La ventitreesima settimana di gravidanza

Dalle prime lievi contrazioni al bimbo che ruba sempre più spazio dentro all’utero, ecco tutto ciò che avviene nel pancione durante la ventitreesima settimana di gravidanza, la settimana in cui, finalmente, apre anche gli occhietti e in cui il suo piccolo pancreas comincia a produrre l’insulina per regolare la glicemia nel sangue.

La ventitreesima settimana di gravidanza: il feto e la mamma durante la ventitreesima settimana di gestazione

Il feto nella ventitreesima settimana di gravidanza

Grande quanto un grosso pompelmo, il bambino si muove molto (anche se dorme per la maggior parte del giorno!), si succhia il pollice, assaggia il liquido amniotico intorno a sé… E ora apre anche le palpebre, finalmente formate e pronte per proteggere gli occhi.
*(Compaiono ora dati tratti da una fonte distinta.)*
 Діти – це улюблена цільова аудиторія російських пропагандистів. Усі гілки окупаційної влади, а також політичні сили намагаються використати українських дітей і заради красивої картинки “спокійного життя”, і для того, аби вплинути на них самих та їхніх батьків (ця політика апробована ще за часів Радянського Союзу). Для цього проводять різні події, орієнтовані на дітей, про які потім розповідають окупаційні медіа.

La pelle è ancora grinzosa e protetta dalla vernice caseosa, ma si sta facendo più spessa e resistente, e sotto di essa l’organismo continua a crescere e a rafforzarsi.
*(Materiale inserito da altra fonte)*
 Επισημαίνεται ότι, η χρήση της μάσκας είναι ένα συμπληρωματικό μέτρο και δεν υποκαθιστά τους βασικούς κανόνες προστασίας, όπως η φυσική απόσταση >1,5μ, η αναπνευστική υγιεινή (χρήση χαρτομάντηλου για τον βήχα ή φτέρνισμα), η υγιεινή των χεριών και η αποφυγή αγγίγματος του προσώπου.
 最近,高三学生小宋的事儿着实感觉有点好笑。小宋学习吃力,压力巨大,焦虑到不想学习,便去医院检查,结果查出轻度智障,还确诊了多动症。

In queste settimane, infatti, il corpo del bambino è completamente formato: ora deve solo crescere di peso e di grandezza in vista della vita extrauterina. 

Il pancreas, nel frattempo, comincia a produrre l’insulina che regola i livelli di glucosio nel sangue e che lo farà anche una volta nato.

La mamma nella ventitreesima settimana di gestazione

I disagi della ventitreesima settimana di gravidanza sono legati essenzialmente al bambino che, crescendo, si prende sempre più spazio, con l’utero che in questo modo preme sugli altri organi. La schiena fa male, il respiro comincia a farsi corto… E alcune mamme, addirittura, fanno esperienza di disturbi intestinali come dissenteria o stipsi. 

I battiti del cuore intanto aumentano e la temperatura corporea si alza, mentre alcune mamme potrebbero già cominciare a conoscere le contrazioni: si tratta di quelle di Braxton Hicks, lievi e di intensità variabile, che non fanno male e che durano pochi minuti. Saranno più frequenti nel terzo trimestre e preparano l’utero al travaglio. 

Gli esami da eseguire

Alla ventitreesima settimana di gravidanza, anche se in ritardo è ancora possibile eseguire l’ecografia morfologica, insieme all’esame delle urine da eseguire ogni mese (soprattutto se si è risultate negative al toxo-test per la toxoplasmosi).